Emily Sansone received the Zostavax vaccine in September 2007. Afterward, she suffered a rash around her right eye plus pain in her left eye, prompting her to seek treatment from an ophthalmologist. The physician diagnosed shingles. That year and in 2008, Sansone told other treating physicians that she had developed shingles in her eye after receiving the shingles vaccine. In 2018, she sued Merck & Co., Inc., and Merck Sharp & Dohme Corp., alleging defective design, failure to warn, negligence, and negligent misrepresentation. The defense moved for summary judgment on limitations grounds.

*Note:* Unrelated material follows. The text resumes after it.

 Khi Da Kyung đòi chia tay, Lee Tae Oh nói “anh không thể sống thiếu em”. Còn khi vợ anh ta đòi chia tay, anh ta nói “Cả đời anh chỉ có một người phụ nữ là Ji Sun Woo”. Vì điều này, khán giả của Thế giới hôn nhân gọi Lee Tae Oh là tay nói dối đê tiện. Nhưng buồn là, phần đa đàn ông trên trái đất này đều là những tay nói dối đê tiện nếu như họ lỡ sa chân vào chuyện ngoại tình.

Denying the motion, the court noted that products liability and negligence claims have a four-year limitations period in Florida. A cause of action accrues, the court said, when the last element constituting the cause of action occurs. Citing case law, the court said that discovery of facts giving rise to a cause of action need not lead to a person’s legal certainty that a claim exists for the limitations period to run. Here, the court said, the record contains genuine issues of material fact regarding whether the plaintiff believed or had reason to believe that her eye symptoms were a reaction to Zostavax. The court added that the plaintiff’s statements to her various treating physicians do not necessarily demonstrate that she understood there was a connection between the vaccine and her shingles. Thus, the court concluded that a jury should decide whether the plaintiff knew or had reason to know in 2007 and 2008 that Zostavax may have caused her symptoms.
Citation: Sansone v. Merck & Co., No. 2:18-cv-20114 (E.D. Pa. July 27, 2021).
Plaintiff counsel: AAJ member Virginia E. Anello, New York City; and AAJ member Michael S. Goetz and Nicole M. Georges, both of Tampa, Fla.